India, which had managed to capture all those responsible on its soil, could not catch the mastermind as he was operating out of Karachi. Delhi provided the Islamabad government with all the evidence needed to support the prosecution of the man responsible for the Taj massacre.

Yet just 48 hours after another massacre on its own soil, Pakistan unaccountably allowed a terrorist to walk free for a mere $5,000 bail bond. Were the lives of those who died at the Taj so cheap?

Pakistani authorities know well enough, thanks to their experience with terror organisations, how difficult it is to track down anyone who manages to escape into its Northwestern Frontier area that borders Afghanistan. And what guarantee is there that Zaik-ur-Rahman Lakhvi has not already fled to that lawless region?

This is the same area where the orders for the Peshawar slaughter originated, which prompted the Pakistani military chief to fly immediately for a meeting in Kabul to find ways to pacify Pakistani citizens who are now losing faith in their system.

But in which world can there be two systems of operation: one for domestic issues and the other one for international affairs?

Pakistan, despite its efforts to curtail the rise of extremism and terrorism, has been a hotbed for various groups to operate, and a place where world-class terror suspects hid for years without the authorities noticing, or so they claim.

India and others have accused factions in Pakistan's military and intelligence services as being the backers, implicitly or explicitly depending on their strategic goals, of terror groups. These people supposedly continue to support "good" terror groups that fight on behalf of Pakistani intelligence with the "enemy" by going after soft targets. Authorities in Islamabad, meanwhile, vocally proclaim their determination to hunt down the "bad" terror groups bent on destabilising Pakistan itself.

Was the mastermind of the Taj Hotel massacre granted bail because he was one of the "good" terrorists?

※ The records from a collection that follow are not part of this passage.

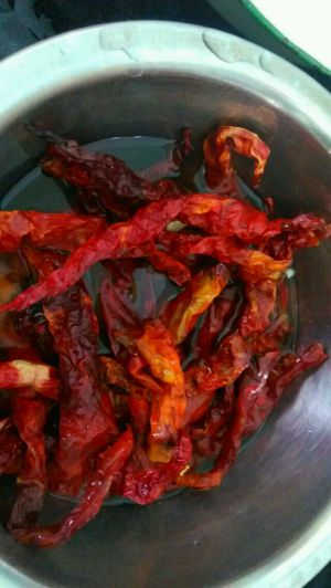 干辣椒和花椒粒用水泡一会
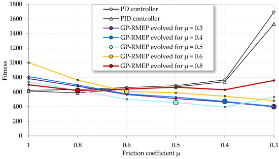 Generality of the best-evolved steering functions manifested by a reasonable change in their respective fitness value when tested on different (unforeseen during the evolution) friction coefficients. The fitness of the steering functions evolved for a particular friction coefficient is indicated by larger circular markers.
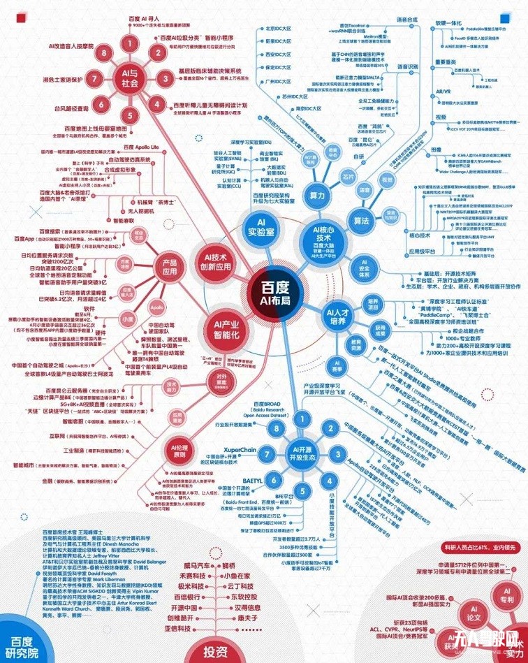 从2017年起,AI作为百度新的驱动引擎,逐渐深入其各项业务中,无论是搜索、内容分发,还是智能驾驶、医疗等,都打上了AI的烙印。基于庞大的用户数据能够让百度在AI算法上占领优势,因此百度一直在不断加码基础设施建设,不断投资人工智能基础技术。百度在中国建立了十几个云计算中心,并投资了40千兆交换机,为人工智能技术和存储提供重要支持。“百度大脑”的参数规模已经达到百亿级,创造了世界上最大的深度神经网络。

If Pakistan is serious about curtailing the rise of extremists on its soil, it needs to act on its words and not just try to reassure the world and its own population about what it is undertaking.

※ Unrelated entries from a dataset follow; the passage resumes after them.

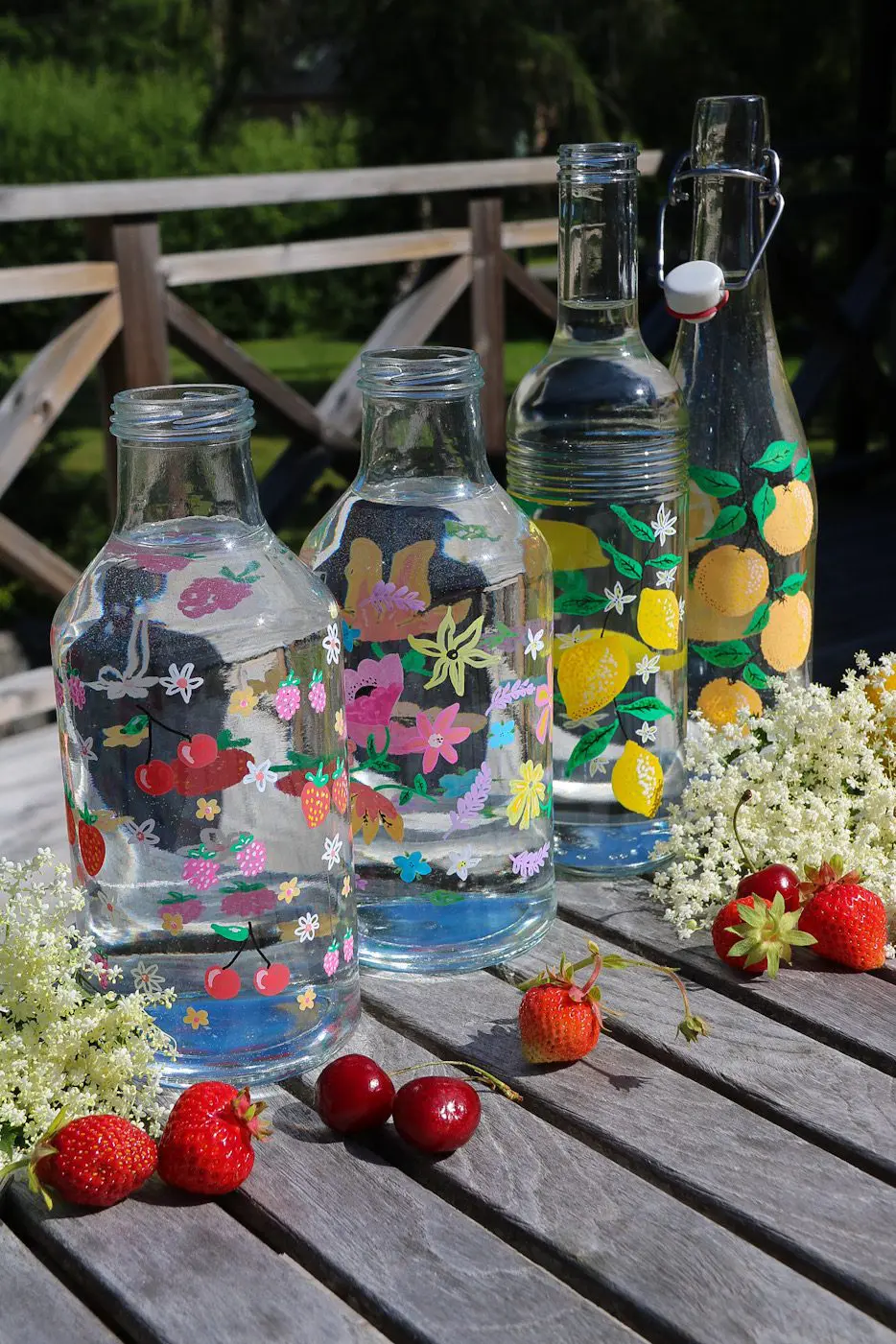 Då var det dax för nästa variant av flaska blommor samt bär. Tänkte att de skulle passa fint till sommarsaften, lite mer naivt måleri! En dekorerad flaska med hemgjord saft, är ju en toppen gåbortpresent!
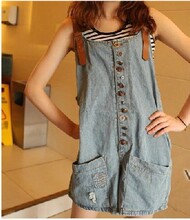 森女系日系宽松背带裤短裤牛仔女夏季学生纽扣水洗连体裤休闲裤子
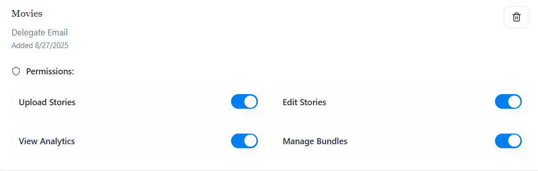 Select permissions (upload stories, view analytics, manage bundles, etc.).
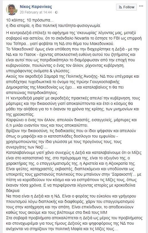 Με ένα «εμπρηστικό» κείμενο στο Facebook σχολίασε ο Νίκος Καρανίκας, σύμβουλος στρατηγικής του πρωθυπουργού, τα όσα συνέβησαν την Τετάρτη στη Βουλή, κατά τη συζήτηση για τη σύσταση προανακριτικής επιτροπής για την υπόθεση Novartis.

Territorial disputes, most notably with India over Kashmir, can be handled in a more amicable way than through terror movements. Pakistan is heading down a very dangerous path because in the final analysis, no terror group believes it owes allegiance to any government, even one that appears to be sponsoring its savagery. The events in Peshawar are the proof of what a bad choice Pakistan has made.